-- Task to carry out --
The records below are to be copied exactly, with their pictures left out.

-- Data excerpts --
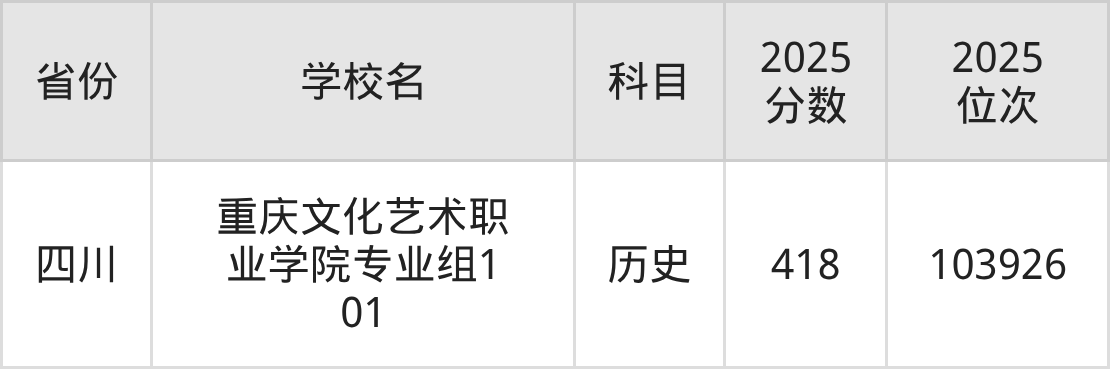 2025年重庆文化艺术职业学院在市外录取分数线是418分,录取分数线最低在四川历史(专业组101)。
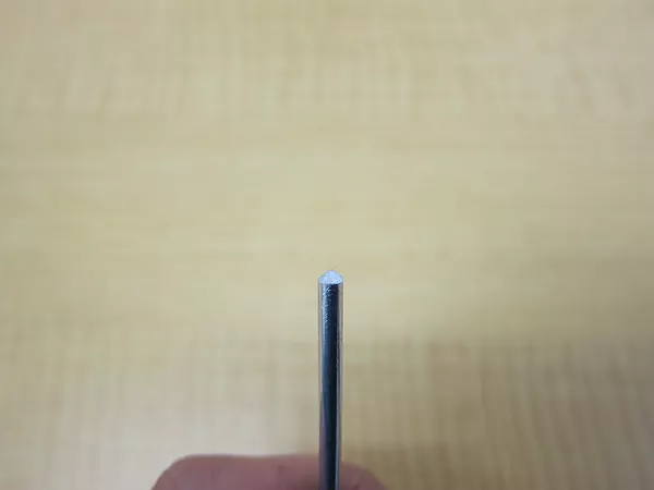アルミ棒を一度Zプローブから外し、アルミ棒L字長辺の先端をヤスリで尖らせます(鋭角にする必要はありません)。終わったら、再度Zプローブの穴に挿入します。
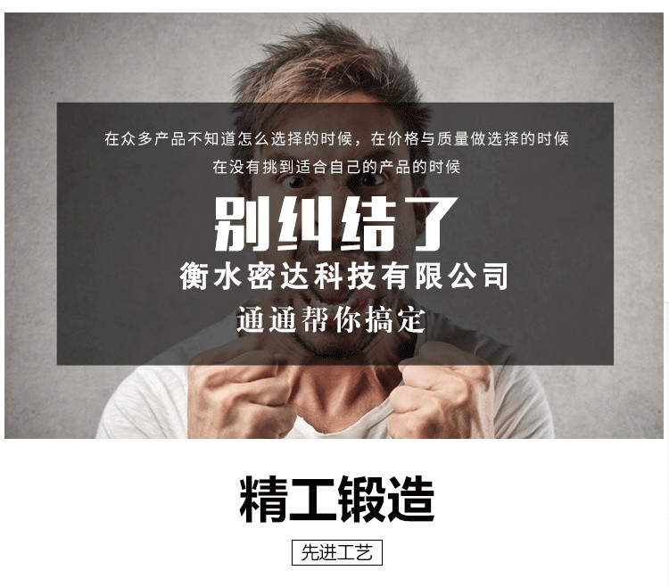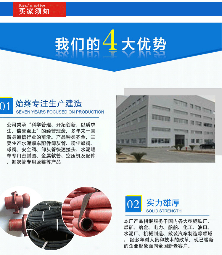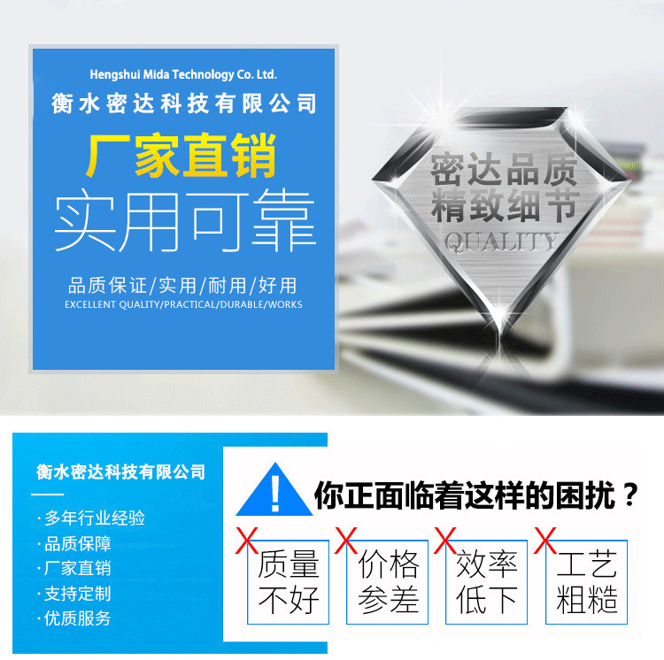 衡水密达科技有限公司是一家中型橡塑制品企业,本厂位于河北省景县将河流镇工业园区,京沪高速20公里,京九铁路20公里;铁、公路交通运输都非常便利。本厂始建于1980年,是以生产销售水泥罐车配件卸灰管、水泥罐车配件阀门、水泥罐车配件接头、水泥罐车配件密封圈、金属软管、空压机及配件、抱箍系列等为主的企业。本厂产品相继服务于国内各大型钢铁厂、煤矿、冶金、电力、船舶、化工、油田、水泥厂、机械制造、散装汽车制造等领域。 经多年对人员和技术的改革,现已崭新的企业形象面向全国新老客户。??公司是依科研和开发为主的橡胶制品生产实体,技术力量雄厚,生产设备先进,拥有国内先进的、压延成型机、硫化机等成套生产设备;检测手段齐全,有独立的实验室,各环节基本上实现了自动化流水线生产,公司利用ISO9002质量管理体系,制定了一整套科学的、严格的、实用的企业内控标准管理和监督产品质量。以我公司技术人员开发出来的输送带、提升带、胶件以及橡塑制品的各项指标均达到GB7984—87、新标准GB7984—2001,产品畅销全国三十多个省、市。并获得了重合同首信用、执行政策先进单位等荣誉称号。
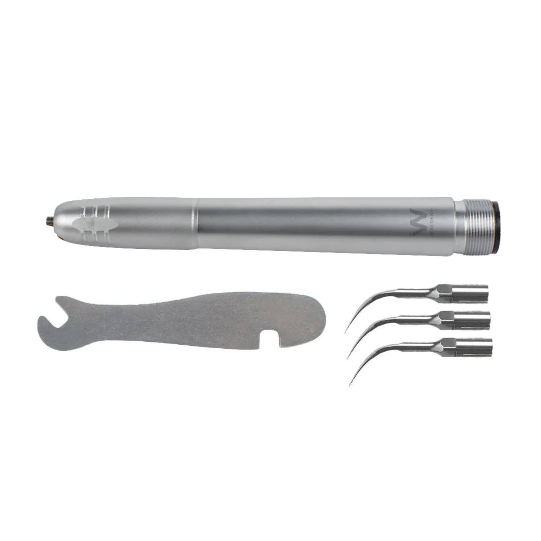Waldent Air-scaler is a compressed air driven instrument with the integrated water spray outlet. This Air Scaler is a sonic device with less amplitude as compared to Ultrasonic devices. This make it as an ideal tool for performing dental treatments on pain sensitive patients.
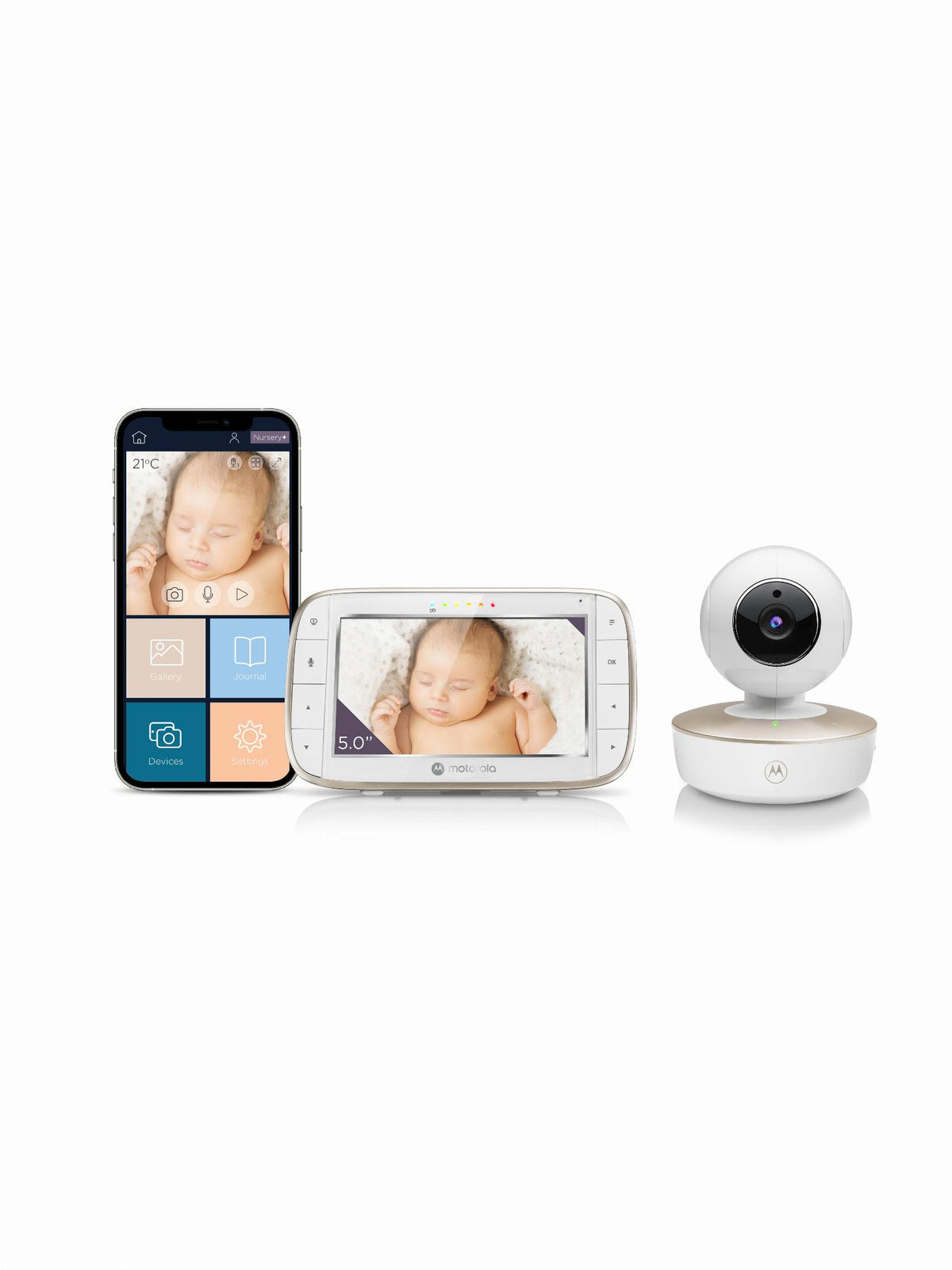 - Baby Monitor – This video baby monitor has a 5″ screen and two cameras
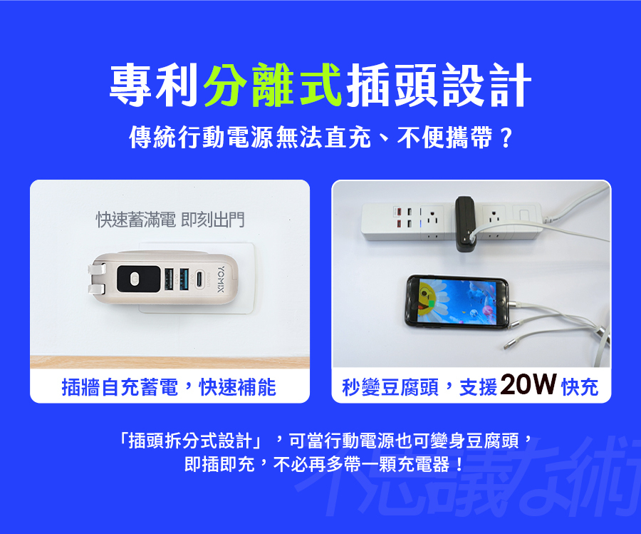 ●新奇: 可分離充電頭+行動電源
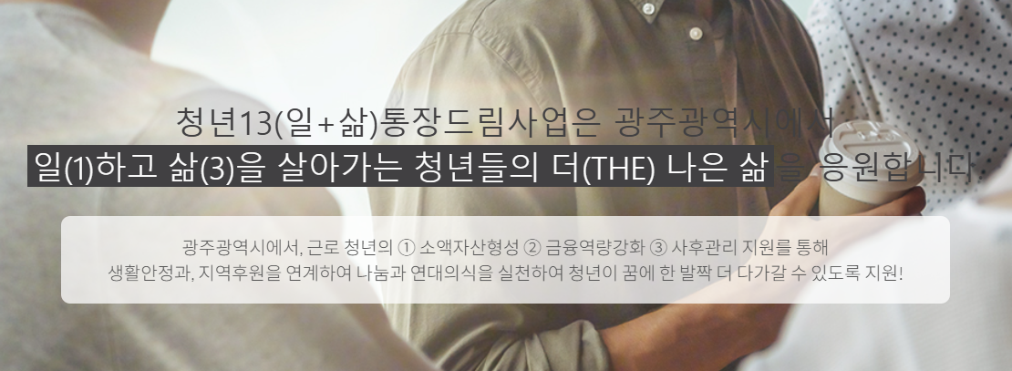 광주 청년들의 자산 형성을 위한 최고의 정책, 광주 청년13통장을 소개합니다. 본인이 월 10만 원씩 10개월 저축하면 광주광역시가 100만 원을 지원합니다.

-- Finished task --
 2025年重庆文化艺术职业学院在市外录取分数线是418分,录取分数线最低在四川历史(专业组101)。
アルミ棒を一度Zプローブから外し、アルミ棒L字長辺の先端をヤスリで尖らせます(鋭角にする必要はありません)。終わったら、再度Zプローブの穴に挿入します。
 衡水密达科技有限公司是一家中型橡塑制品企业,本厂位于河北省景县将河流镇工业园区,京沪高速20公里,京九铁路20公里;铁、公路交通运输都非常便利。本厂始建于1980年,是以生产销售水泥罐车配件卸灰管、水泥罐车配件阀门、水泥罐车配件接头、水泥罐车配件密封圈、金属软管、空压机及配件、抱箍系列等为主的企业。本厂产品相继服务于国内各大型钢铁厂、煤矿、冶金、电力、船舶、化工、油田、水泥厂、机械制造、散装汽车制造等领域。 经多年对人员和技术的改革,现已崭新的企业形象面向全国新老客户。??公司是依科研和开发为主的橡胶制品生产实体,技术力量雄厚,生产设备先进,拥有国内先进的、压延成型机、硫化机等成套生产设备;检测手段齐全,有独立的实验室,各环节基本上实现了自动化流水线生产,公司利用ISO9002质量管理体系,制定了一整套科学的、严格的、实用的企业内控标准管理和监督产品质量。以我公司技术人员开发出来的输送带、提升带、胶件以及橡塑制品的各项指标均达到GB7984—87、新标准GB7984—2001,产品畅销全国三十多个省、市。并获得了重合同首信用、执行政策先进单位等荣誉称号。
Waldent Air-scaler is a compressed air driven instrument with the integrated water spray outlet. This Air Scaler is a sonic device with less amplitude as compared to Ultrasonic devices. This make it as an ideal tool for performing dental treatments on pain sensitive patients.
 - Baby Monitor – This video baby monitor has a 5″ screen and two cameras
 ●新奇: 可分離充電頭+行動電源
 광주 청년들의 자산 형성을 위한 최고의 정책, 광주 청년13통장을 소개합니다. 본인이 월 10만 원씩 10개월 저축하면 광주광역시가 100만 원을 지원합니다.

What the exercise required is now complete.